> _Exercise objective_: When you reach the line that contains "Moncler Down Jacket", begin copying exactly, and continue through the last line of the data; no pictures belong in the copy.

> _Provided data_:
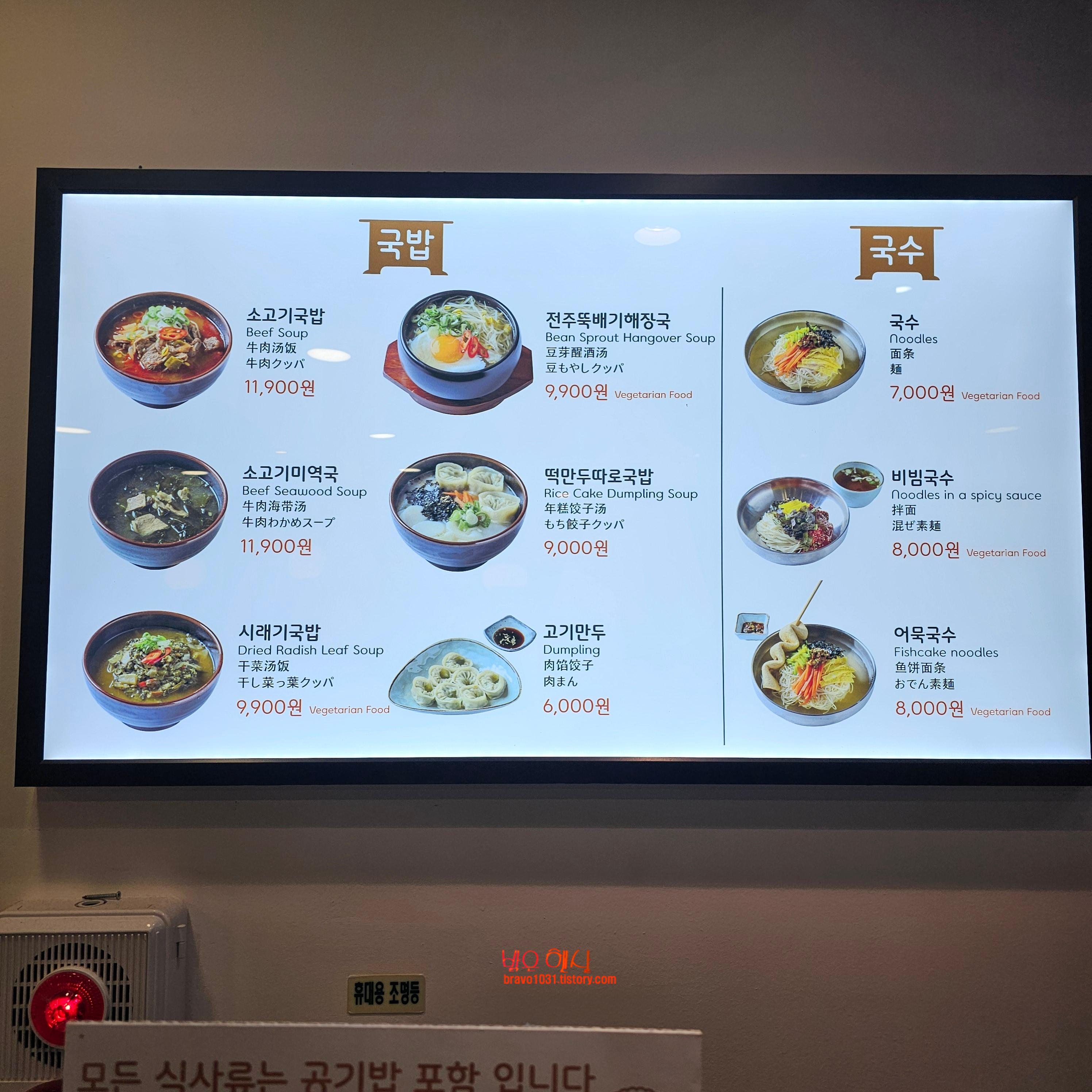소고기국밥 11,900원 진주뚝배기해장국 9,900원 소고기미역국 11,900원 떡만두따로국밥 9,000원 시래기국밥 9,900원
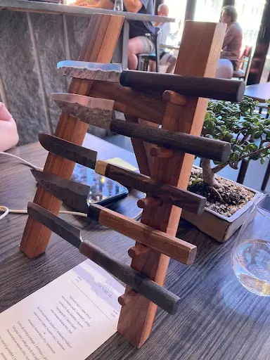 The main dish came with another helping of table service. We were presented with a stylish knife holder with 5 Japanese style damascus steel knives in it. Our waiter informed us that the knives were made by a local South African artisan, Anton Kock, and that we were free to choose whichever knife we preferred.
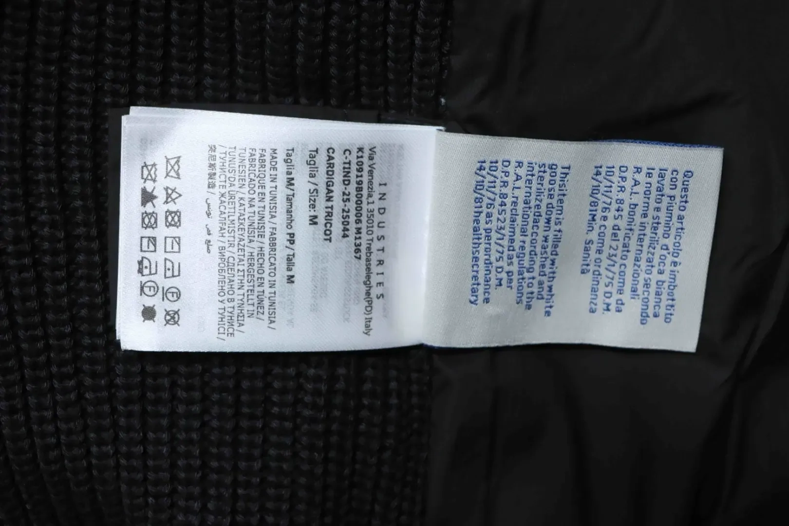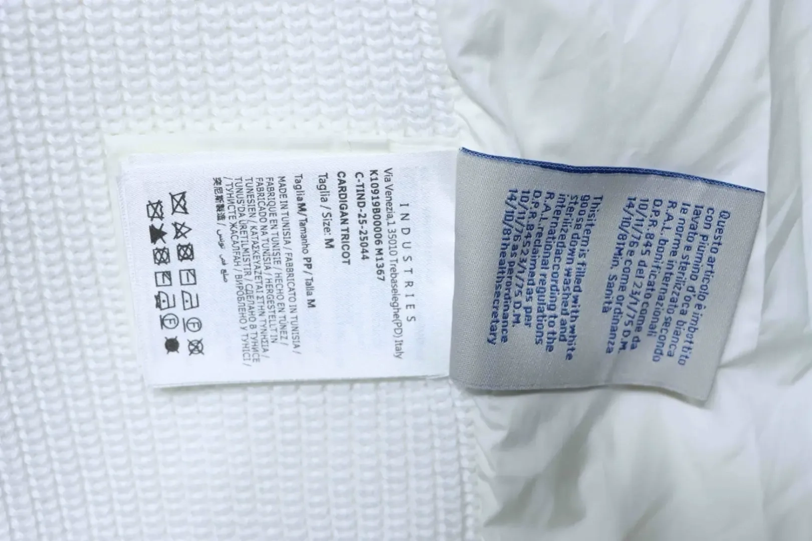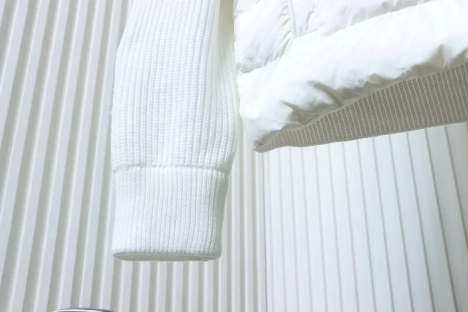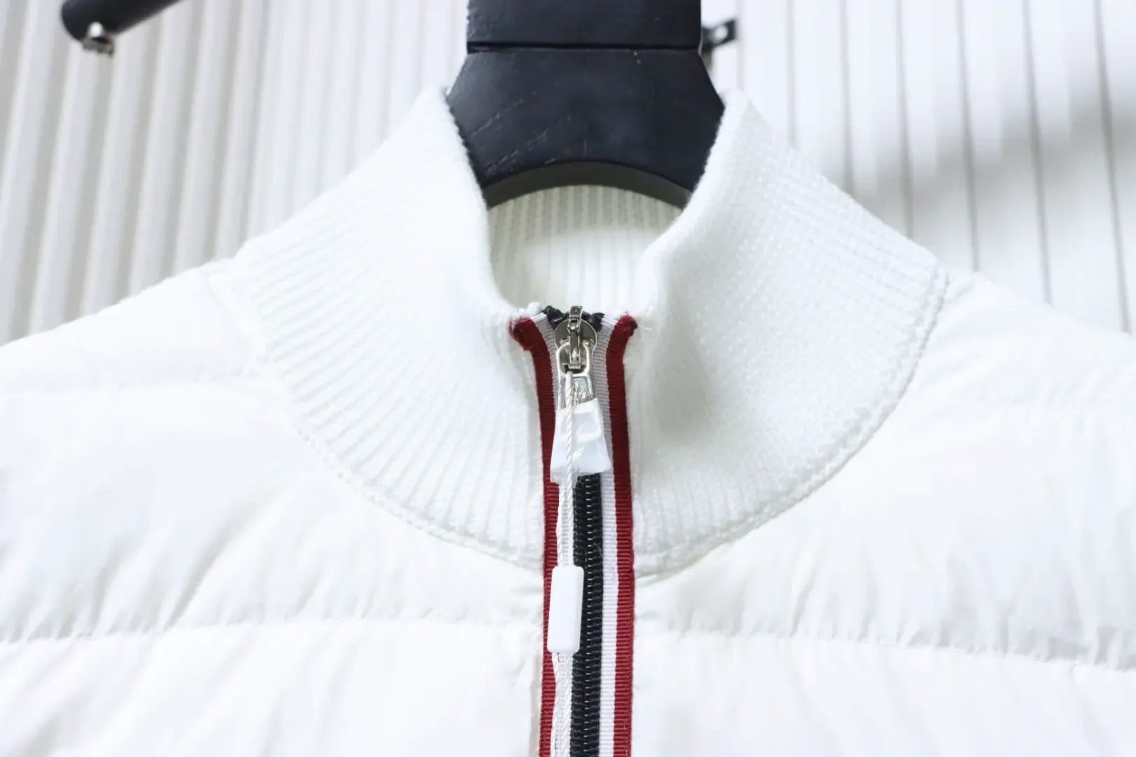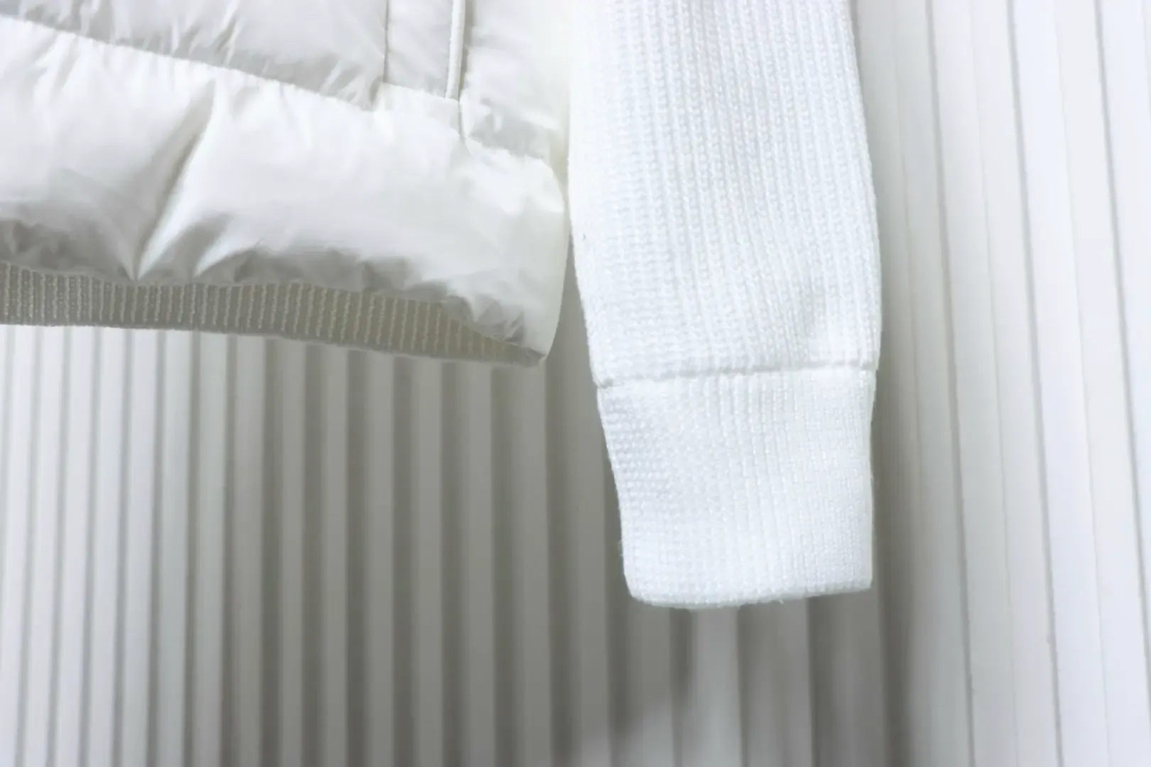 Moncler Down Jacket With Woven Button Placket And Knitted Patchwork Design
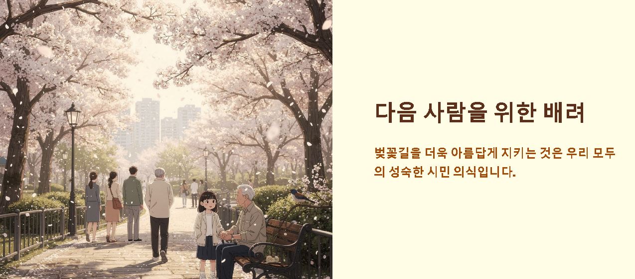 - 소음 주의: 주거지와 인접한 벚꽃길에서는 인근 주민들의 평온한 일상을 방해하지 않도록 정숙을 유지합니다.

> _Output for this task_:
 Moncler Down Jacket With Woven Button Placket And Knitted Patchwork Design
 - 소음 주의: 주거지와 인접한 벚꽃길에서는 인근 주민들의 평온한 일상을 방해하지 않도록 정숙을 유지합니다.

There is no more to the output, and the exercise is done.